In ancient times, many scientists believed the speed of light was infinite and could travel any distance instantaneously. The Italian physicist Galileo Galilee was among the first to try to measure the speed of light. In the early 17th century, he devised an experiment in which two people with covered lanterns stood a known distance apart. One person uncovered his lantern and as soon as the other person saw the light, he uncovered his own lantern. Galileo attempted to record the time between lantern signals but was unsuccessful because the distance involved was too small and light simply moved too fast to be measured this way.

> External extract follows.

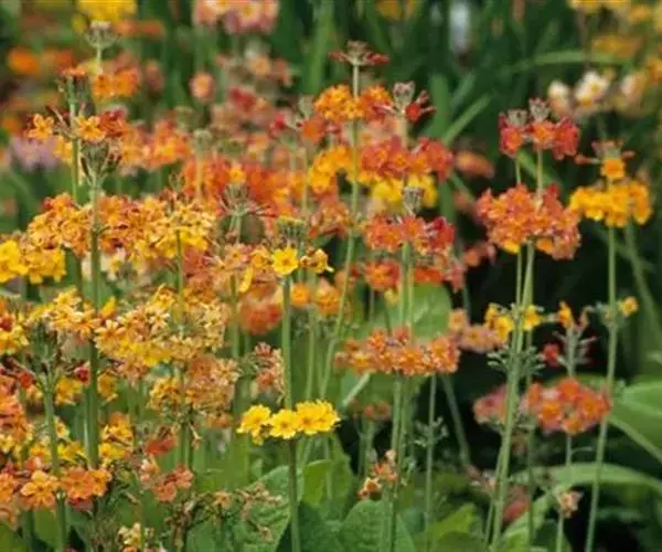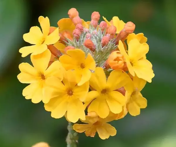 花葶粗壮,高20-70厘米,节上和顶端被乳黄色粉,具伞形花序5-7轮,每轮具(4)8-16花;苞片线形,通常稍长于花梗;花梗长1.3-2.5厘米 ,微被粉;花萼钟状,长5-9.5毫米,分裂达中部或略过之,裂片披针形,先端渐尖成钻状,外面微被粉,内面密被乳黄色粉;花未开放时呈深橙红色,开后为深橙黄色,冠檐直径达2厘米,裂片长圆伏倒卵形,先端微凹,长花柱花:冠筒长10-12毫米,雄蕊着生处距冠筒基部约5毫米,花柱长约8.5毫米;短花柱花:花冠筒长14-15毫米,雄蕊距冠筒基部约10毫米着生,花柱长约5毫米。蒴果近球形,约与花萼等长。花期6-7月。

Around 1676, Danish astronomer Ole Roemer became the first person to prove that light travels at a finite speed. He studied Jupiter’s moons and noted that their eclipses took place sooner than predicted when Earth was nearer to Jupiter and happened later when Earth was farther away from Jupiter. Roemer reasoned this was the result of light moving at a finite speed; it took longer to make it to Earth when Jupiter was a greater distance away.
In the ensuing centuries, a number of other scientists worked to determine the speed of light and, using improved techniques, came up with increasingly accurate calculations. French physicist Hippolyte Fizeau is credited with making the first non-astronomical measurement, in 1849, using a method that involved sending light through a rotating toothed wheel then reflecting it back with a mirror located a significant distance away. One of the first precise calculations of light’s velocity was made in the 1920s by American physicist Albert Michelson, who carried out his research in the mountains of Southern California using an eight-sided rotating mirror apparatus.
In 1983, an international commission on weights and measures set the speed of light in a vacuum at the calculation we use today: 299,792,458 meters per second (186,282 miles per second)—a speed that could circle the equator 7.5 times in a single second.